Gagasan lainnya adalah pandangan dari John Rawls yang kemudian mengenalkan konsep soal keadilan
distributive. Ada dua hal penting dalam hal ini, yakni keadilan (fairness) dan kesamaan. Pertama, setiap
orang mepunyai hak yang sama atas kebebasan dasar yang paling luas, seluas kebebasan yang sama bagi
semua orang. Kedua, ketimpangan ekonomi dan social mesti diatur sedemikian rupa agar menghasilkan
manfaat yang sebesar-besarnya bagi mereka yang paling kurang beruntung dan menyediakan suatu
system akses yang sama dan peluang yang sama. Menurut Rawls, didalam masyarakat, setiap individu
mempunyai hak dan kebebasan yang sama. Tetapi hak dan kebebasan tersebut kerap tidak dinikmati
secara sama—missal saja hak bagi setiap orang untuk memperoleh pendidikan, tetapi hak ini tidak dapat
dinikmati oleh setiap orang karena kemiskinan. Untuk mengatasi hal tersebut, Rawls memperkenalkan
asas perbedaan (difference principle). Asas ini menyatakan bahwa distribusi sumberdaya yang merata
hendaknya diutamakan, kecuali jika dapat dibuktikan bahwa distribusi yang timpang akan membuat
keadaan orang yang kurang beruntung menjadi lebih baik.

3) teori Hukum Alam


Dalam teori ini hak asasi manusia dipandang sebagai hak kodrati (hak yang sudah melekat pada
manusia sejak lahir) dan jika manusia tersebut meninggal maka hak-hak yang dimilikinya pun
akan hilang. Hak asasi manusia dimiliki secara otonom (independent) terlepas dari pengaruh
negara sehingga tidak ada alasan negara untuk membatasi HAM tersebut.
Jhon Locke mengajarkan bahwa “manusia adalah makhluk sosial yang saling berhubungan satu
sama lain. Manusia mempunyai hak-hak yang bersifat kodrat/alam. Dimana hak-hak tersebut
tidak dapat dicabut oleh siapapun.” Sedangkan menurut Rousseau menyatakan “bahwa hukum
kodrati tidak menciptakan hak-hak kodrati individu, melainkan menganugerahi kedaulatan yang
tidak bisa dicabut pada para warga negara sebagai satu kesatuan.

9. Jawaban
instrumen Nasional: UUD 1945 beserta amandemenya;
 Tap MPR No.
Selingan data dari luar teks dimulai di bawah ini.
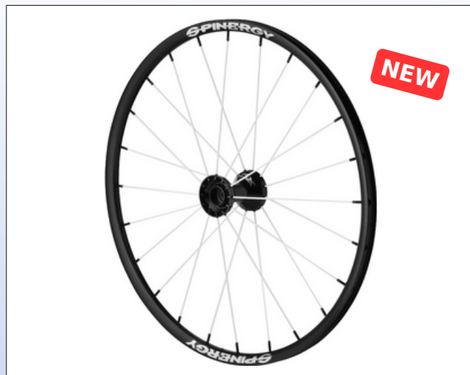
CX1p. Spox Sport SL

Spox Everyday L hjulet er letløbende, giver ekstrem holdbarhed og er ideelt til kontaktsport. Hvis du har brug for et let, hurtigt og adræt accelererende hjul kunne Spox være svaret. Dette hjul er stilfuldt og ser fantastisk ud.
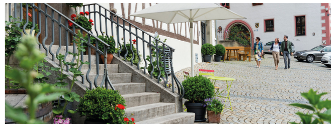
Marktplatz "Gute Stube" (06.02.2018, Haßberge Tourismus im Naturpark Haßberge)

Einer der schönsten fränkischen Kleinstadmarktplätze. Geprägt durch das spätgotische Rathaus mit der Jahreszahl 1540 und einem Unterbau aus dem 14. Jh. (an der Ecke Pranger und Bamberger Elle). Dem Rathaus gegenüber steht das ehemalige Rosenbergische Zehnthaus, das dem Barockbaumeister Johann Jacob Michael Küchel zugeschrieben wird. Daneben steht das katholische Pfarrhaus im klassizistischen Stil.
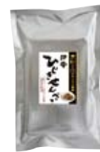
伊勢ひじきせんべい
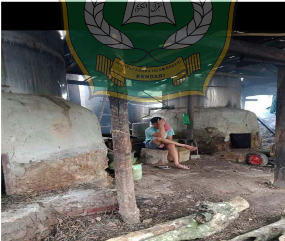
Gambar 6: Pekerja Penyuling Nilam
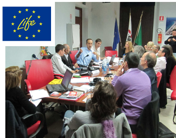
Réunion technique des partenaires le 5 décembre 2011

Le premier atelier de travail, organisé par le Parc Naturel Régional de Molentargius-Saline à Cagliari en Sardaigne, les 5 et 6 décembre 2011, a réuni tous les partenaires du projet : le Parc Naturel Régional de Molentargius-Saline, le Parc Régional du delta du Pô d'Emilie-Romagne (Italie), les Salins du Midi, le Parc Naturel Régional de Camargue, la Tour du Valat et l'ONG Green Balkans (Bulgarie). Chaque partenaire a d'abord présenté les actions prévues, puis une réunion technique a permis de préciser les modalités de gestion administrative, technique et financière du projet LIFE NATURE.

XVII/MPR/1998
 UU No. 39 Tahun 1999 tentang Hak Asasi Manusia
 UU No. 26 Tahun 2000 tentang Pengadilan HAM
 UU No. 40 Tahun 2008 tentang Penghapusan Diskriminasi Ras dan Etnis
 UU No. 7 Tahun 2012 tentang Penanganan Konflik Sosial
 Peraturan perundang-undangan nasional lainnya yang terkait.
Instrumen Internasional:
 Piagam PBB 1945
 Deklarasi Universal HAM 1948
 Kovenan Internasional tentang Hak Sipil dan Politik
 Kovenan Internasional tentang Hak Ekonomi, Sosial, dan Budaya
 Instrumen HAM internasional lainnya.